=== Begin Enclosure ===
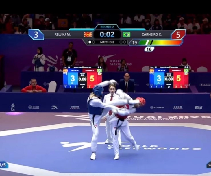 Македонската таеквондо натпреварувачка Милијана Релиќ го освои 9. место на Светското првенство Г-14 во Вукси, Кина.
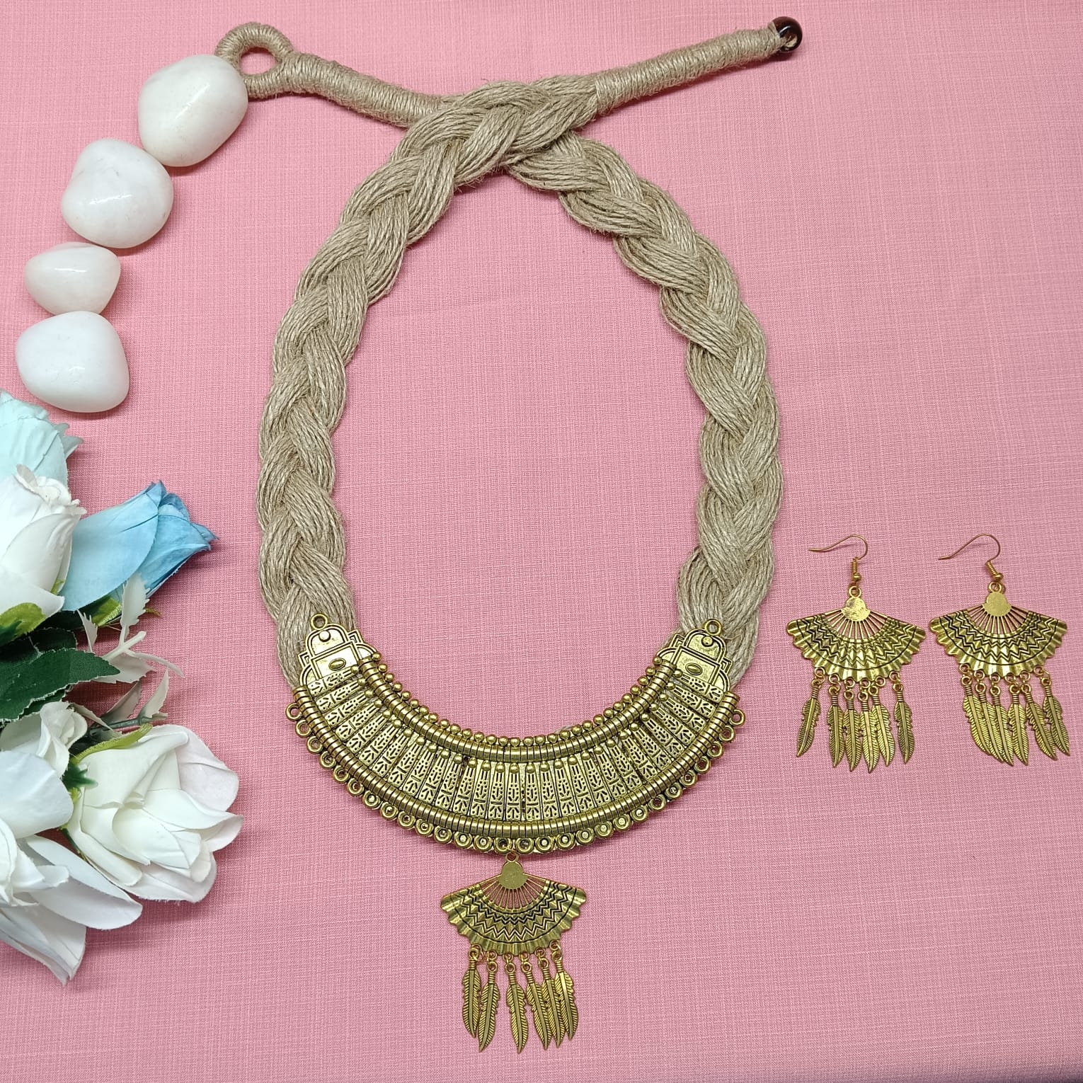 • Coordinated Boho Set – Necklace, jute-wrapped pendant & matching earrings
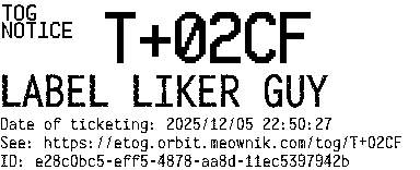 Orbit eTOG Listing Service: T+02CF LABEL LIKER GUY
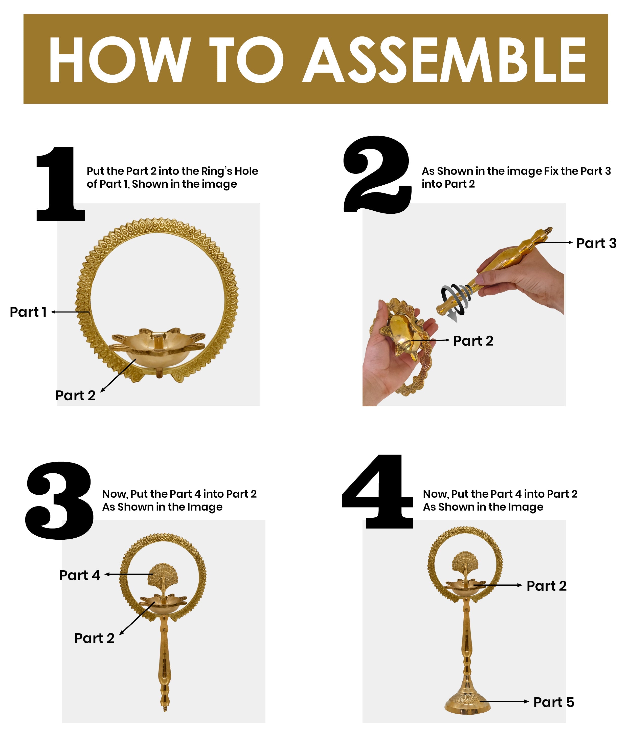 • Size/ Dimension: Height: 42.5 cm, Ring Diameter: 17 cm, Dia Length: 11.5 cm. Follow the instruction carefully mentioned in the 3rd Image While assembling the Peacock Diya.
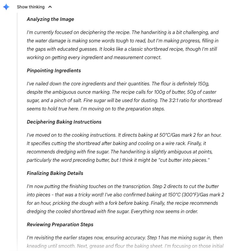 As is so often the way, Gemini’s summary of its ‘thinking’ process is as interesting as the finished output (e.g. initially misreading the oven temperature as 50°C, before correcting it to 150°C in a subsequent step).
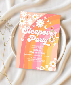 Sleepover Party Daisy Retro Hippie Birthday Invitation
=== End Enclosure ===
=== Begin Enclosure ===
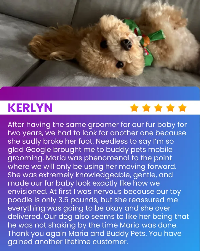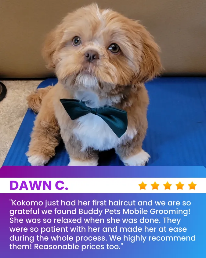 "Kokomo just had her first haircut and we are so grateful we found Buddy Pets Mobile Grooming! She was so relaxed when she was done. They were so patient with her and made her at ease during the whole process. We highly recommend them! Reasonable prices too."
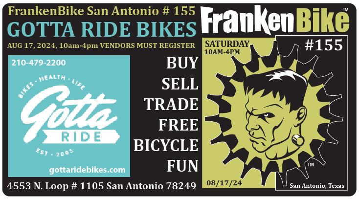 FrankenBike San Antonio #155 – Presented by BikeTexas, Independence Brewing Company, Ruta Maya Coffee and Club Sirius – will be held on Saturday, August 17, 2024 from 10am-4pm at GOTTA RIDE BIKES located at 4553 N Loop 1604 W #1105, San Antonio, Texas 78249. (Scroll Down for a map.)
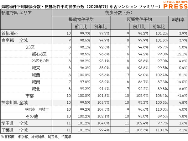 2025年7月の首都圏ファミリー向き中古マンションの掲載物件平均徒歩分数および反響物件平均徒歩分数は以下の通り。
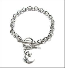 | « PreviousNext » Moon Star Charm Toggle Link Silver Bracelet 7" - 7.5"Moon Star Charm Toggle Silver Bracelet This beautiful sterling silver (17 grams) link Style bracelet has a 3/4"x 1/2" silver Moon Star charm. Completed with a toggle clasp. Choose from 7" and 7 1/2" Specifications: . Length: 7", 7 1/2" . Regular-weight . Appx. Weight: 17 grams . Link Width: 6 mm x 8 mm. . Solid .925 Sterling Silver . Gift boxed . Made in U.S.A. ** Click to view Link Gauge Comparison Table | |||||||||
=== End Enclosure ===
=== Begin Enclosure ===
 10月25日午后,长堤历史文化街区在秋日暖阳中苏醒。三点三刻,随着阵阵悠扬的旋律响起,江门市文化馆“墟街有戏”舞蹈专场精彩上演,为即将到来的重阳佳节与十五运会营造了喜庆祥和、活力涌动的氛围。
=== End Enclosure ===
* _Problem_:
Repeat exactly the lines above, from the line that contains "Македонската таеквондо натпреварувачка" down through the line that contains "Sleepover Party Daisy". Include both of those lines and none of the pictures.

* _Completed task_:
 Македонската таеквондо натпреварувачка Милијана Релиќ го освои 9. место на Светското првенство Г-14 во Вукси, Кина.
 • Coordinated Boho Set – Necklace, jute-wrapped pendant & matching earrings
 Orbit eTOG Listing Service: T+02CF LABEL LIKER GUY
 • Size/ Dimension: Height: 42.5 cm, Ring Diameter: 17 cm, Dia Length: 11.5 cm. Follow the instruction carefully mentioned in the 3rd Image While assembling the Peacock Diya.
 As is so often the way, Gemini’s summary of its ‘thinking’ process is as interesting as the finished output (e.g. initially misreading the oven temperature as 50°C, before correcting it to 150°C in a subsequent step).
 Sleepover Party Daisy Retro Hippie Birthday Invitation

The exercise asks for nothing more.